Information shown:
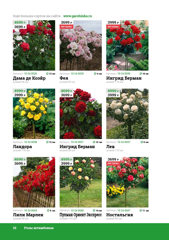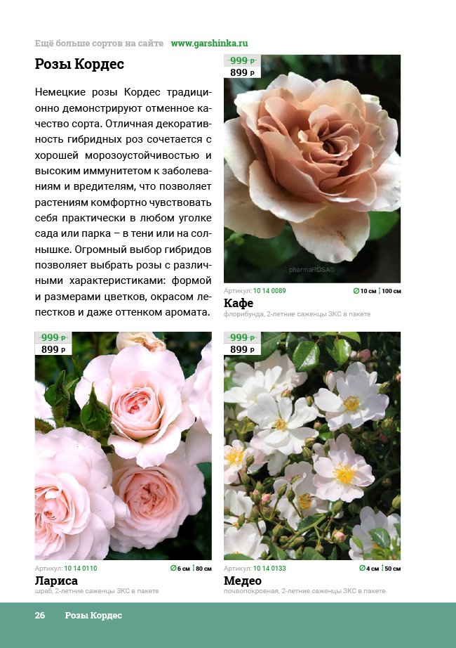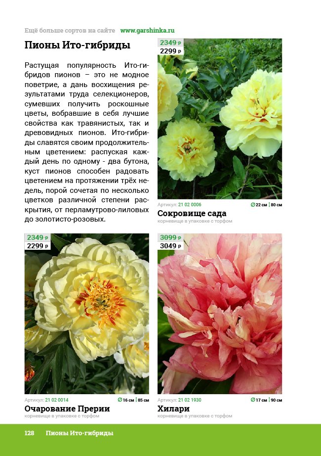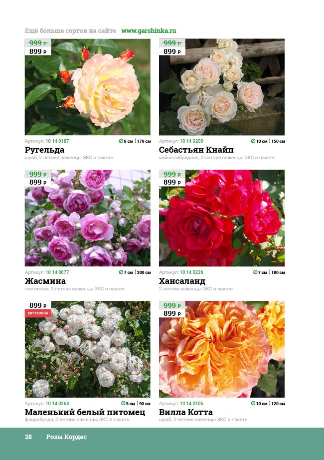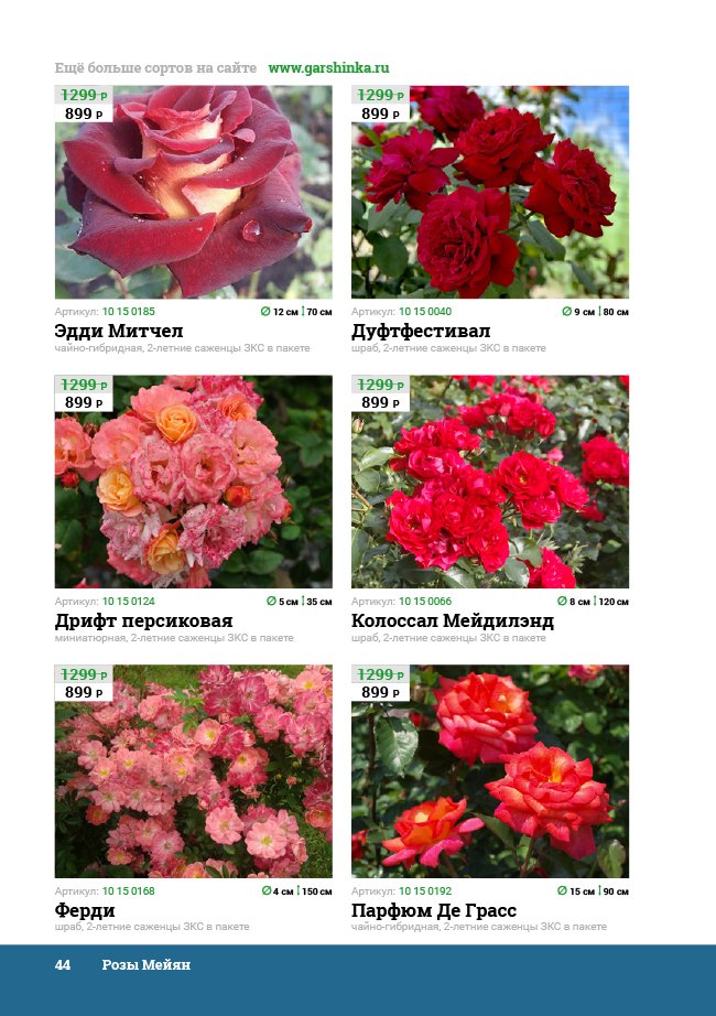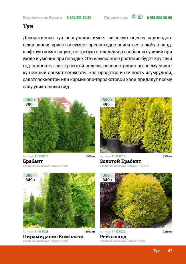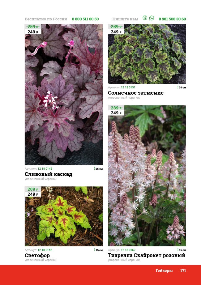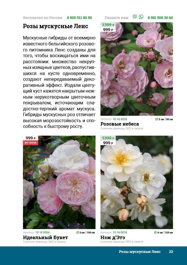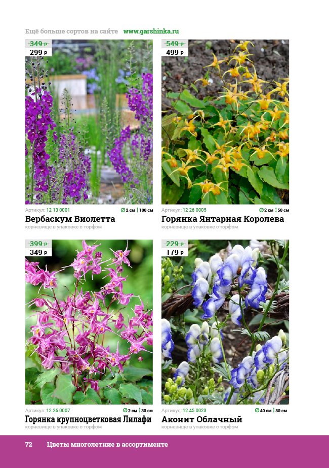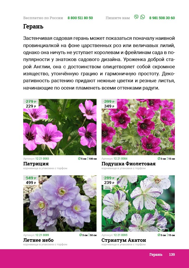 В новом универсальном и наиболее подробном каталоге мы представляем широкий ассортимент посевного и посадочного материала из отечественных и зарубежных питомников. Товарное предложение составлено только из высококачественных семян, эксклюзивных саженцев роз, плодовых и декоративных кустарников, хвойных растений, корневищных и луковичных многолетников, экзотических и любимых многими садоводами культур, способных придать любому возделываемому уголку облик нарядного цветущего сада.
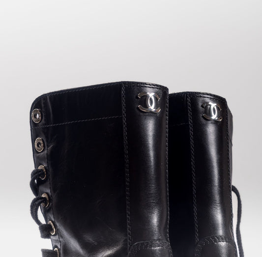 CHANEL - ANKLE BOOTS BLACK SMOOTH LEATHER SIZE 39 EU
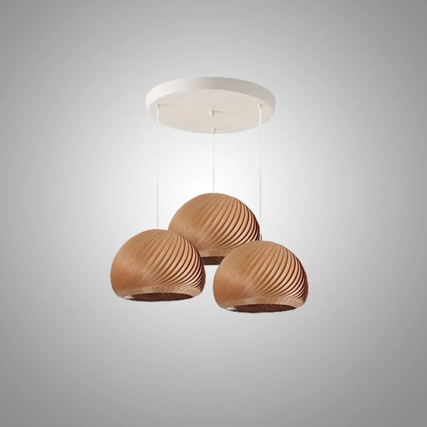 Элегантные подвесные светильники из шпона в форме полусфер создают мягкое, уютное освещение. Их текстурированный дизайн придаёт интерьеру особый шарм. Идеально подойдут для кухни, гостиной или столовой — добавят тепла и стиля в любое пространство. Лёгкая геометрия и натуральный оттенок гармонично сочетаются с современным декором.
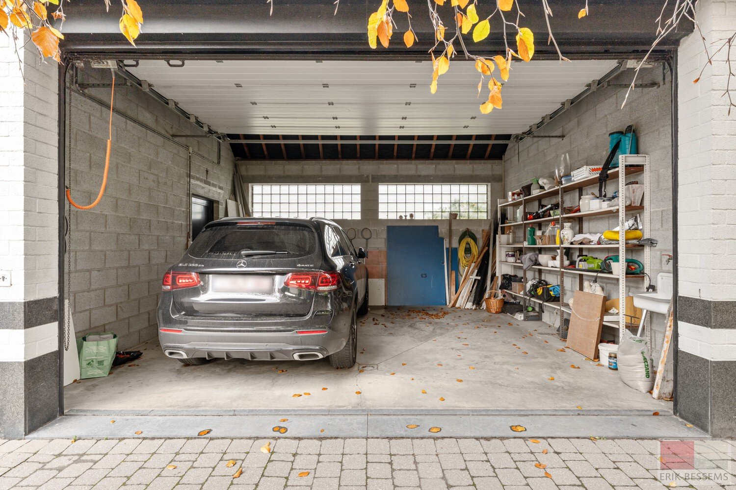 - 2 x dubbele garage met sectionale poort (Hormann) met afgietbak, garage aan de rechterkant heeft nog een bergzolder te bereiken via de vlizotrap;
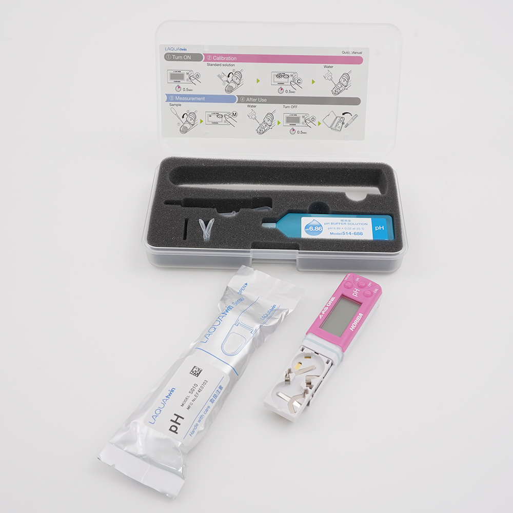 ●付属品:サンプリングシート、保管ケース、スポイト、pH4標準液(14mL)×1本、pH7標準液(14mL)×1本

What to do: Pictures are to be left out, while the records are copied word for word.

Completed task:
 В новом универсальном и наиболее подробном каталоге мы представляем широкий ассортимент посевного и посадочного материала из отечественных и зарубежных питомников. Товарное предложение составлено только из высококачественных семян, эксклюзивных саженцев роз, плодовых и декоративных кустарников, хвойных растений, корневищных и луковичных многолетников, экзотических и любимых многими садоводами культур, способных придать любому возделываемому уголку облик нарядного цветущего сада.
 CHANEL - ANKLE BOOTS BLACK SMOOTH LEATHER SIZE 39 EU
 Элегантные подвесные светильники из шпона в форме полусфер создают мягкое, уютное освещение. Их текстурированный дизайн придаёт интерьеру особый шарм. Идеально подойдут для кухни, гостиной или столовой — добавят тепла и стиля в любое пространство. Лёгкая геометрия и натуральный оттенок гармонично сочетаются с современным декором.
 - 2 x dubbele garage met sectionale poort (Hormann) met afgietbak, garage aan de rechterkant heeft nog een bergzolder te bereiken via de vlizotrap;
 ●付属品:サンプリングシート、保管ケース、スポイト、pH4標準液(14mL)×1本、pH7標準液(14mL)×1本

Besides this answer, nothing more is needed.